TIP – This is a no brainer. Sometimes things we can’t control happen. If not Zika, it could be a hurricane or something else. Include them in your thought process because shit happens!

 

The Budget – The most important thing to understand is that pricing for the party or the wedding is always based on a number of people. If that number changes, so does the pricing.

tight budget

TIP – Explain that from the beginning and make sure everyone understands it so they can commit. Always suggest people add 20% to the budget for variables.

 

bride

Some real thoughts from the Bride….

My dream bachelorette party might not be feasible due to budget, time and other factors for my bridesmaids.

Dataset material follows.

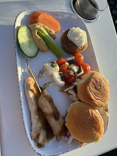Food was just alright. We were hungry, so we ate it. Definitely wasnât luxury, pretty cheap food IMO. I figured theyâd walk around passing them out, so I could grab more of 1 thing but they put 2 of each on your plate and thatâs it. Wish there was opportunity for more.
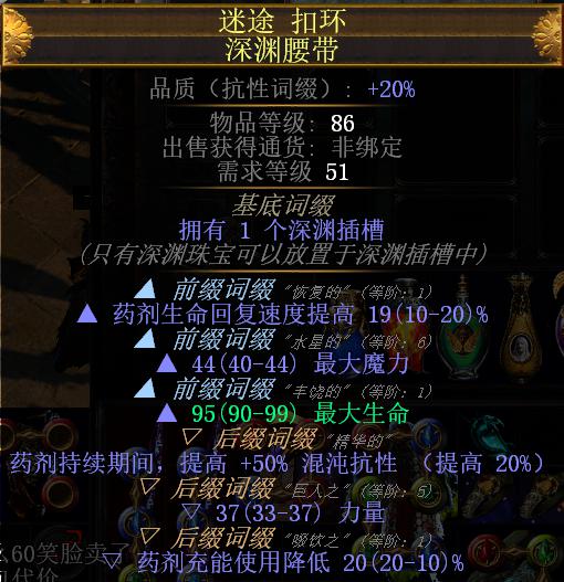 腰带:选择使用深渊腰带,通过谵妄的精华点出药剂持续期间+50%混沌抗性(使用催化剂最高可达到60%),配合女王水,可达到75%的混抗。其次还需要有一条的属性就是药剂充能使用降低,进一步提升药剂的使用次数。其余血量蓝量都可,视情况补充基础属性.造价C价。

It is sad to have to adjust my wishes to their budgets and time constraints but it’s just the way it is!

Please try to give me at least your best effort as far as scheduling and budget issues. Make sure you treat me the same way I treated you or the way you would expect to be treated in the future.

If nobody helped me with the bachelorette, I wont even think of planning a bridal shower or anything else. Too much on my plate!

I feel alone. I expected more help and sisterhood but it never happened!

Make up your mind ladies and commit. It’s the only way we can get the budget under control and plan a successful party.

sadbride

CONCLUSION – Things went very differently from what I expected. I really wanted New Orleans and ended up in Miami. Not everyone I wanted will make it. I thought I could count on my close friends but I couldn’t so I ended up doing most of the work myself. I don’t mean to bitch but I needed some loving and I didn’t get it! I hope not to turn into a bridezilla before the wedding!